Richard Hughes é o "Indiana Jones" moderno das pedras preciosas. Há décadas, esse americano percorre o planeta atrás das gemas mais valiosas, encarando pelo caminho aventuras dignas do cinema. Essa indústria, que movimenta US$ 10 bilhões por ano, é envolta não só em beleza, mas também em mistério.
Ao contrário do negócio mundial de diamantes, que é em grande parte controlado por empresas gigantes como a De Beers e minuciosamente monitorado por investidores e banqueiros de Wall Street, o mundo das pedras preciosas coloridas ainda é dominado por pequenos mineradores e aventureiros que vão a alguns dos lugares mais perigosos e subdesenvolvidos do mundo em busca de novos tesouros. As melhores pedras tendem a vir de países como Madagascar, Tajiquistão, Colômbia e Mianmar, onde o contrabando muitas vezes corre solto, a manutenção de registros é deficiente e os donos de minas com frequência impedem a presença de comerciantes de fora por medo de que façam seus próprios negócios com os moradores locais.

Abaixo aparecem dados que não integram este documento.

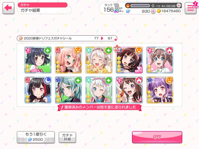 ソシャゲって言ってもバンドリとモンストだけだけどガチャは個人的に大当たりだった!縁起いいねぇ!
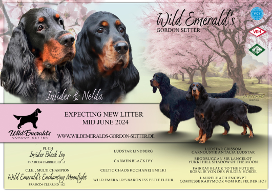 Mit diesem Wurf dürfen wir uns nicht "nur" auf einen weitern Wurf freuen, sondern auch auf eine "neue" Generation der Wild Emerald's Gordon Setter!

Em alguns casos, especialistas como Hughes compram pedras de garimpeiros ou intermediários e as revendem a clientes ricos. Há gemas que chegam ao público através de atacadistas que as compram em leilões ou mercados abertos na Tailândia, Índia e outros centros de processamento. Só num leilão em Mianmar, em 2011, as vendas chegaram a US$ 2,8 bilhões. De qualquer forma, os compradores de pedras preciosas raramente têm ideia de onde vieram as pedras e, mesmo se quisessem, provavelmente não teriam como descobrir sua origem. Quando se trata de rastrear os dados mais básicos sobre quais países produzem a maioria das pedras, a indústria é "muito vaga", diz Jean Claude Michelou, vice-presidente da Associação Internacional de Pedras Preciosas Coloridas, entidade que representa o setor.
Na verdade, é praticamente impossível encontrar um diretor-presidente ou grandes acionistas por trás das maiores minas de rubi ou safira do mundo. Em Mianmar, país há muito considerado a principal fonte mundial de rubis e jade, muitas minas são controladas pelos militares ou seus colaboradores mais próximos, incluindo alguns que são alvo de sanções dos Estados Unidos impostas anos atrás para punir o autoritário regime militar do país. (Embora muitas dessas sanções tenham sido relaxadas nos últimos dois anos, quando um novo governo reformista começou a reverter décadas de rígido controle militar, algumas restrições sobre as pedras preciosas de Mianmar foram mantidas.) Mas as pedras também podem vir de caçadores privados de fortunas cujas identidades são desconhecidas fora de seus países. Um dos magnatas que Hughes conheceu durante uma perigosa caçada a jade em minas da remota Hpakant, em Mianmar, era um ex-motorista de táxi que começou com uma pedra bruta que comprou por US$ 23 de um passageiro e a revendeu por US$ 5.000 para um comerciante de jade. (Quando Hughes o conheceu, em 1996, ele posou para uma fotografia sobre uma pilha de pedras de jade que ocupava uma sala inteira de sua casa.)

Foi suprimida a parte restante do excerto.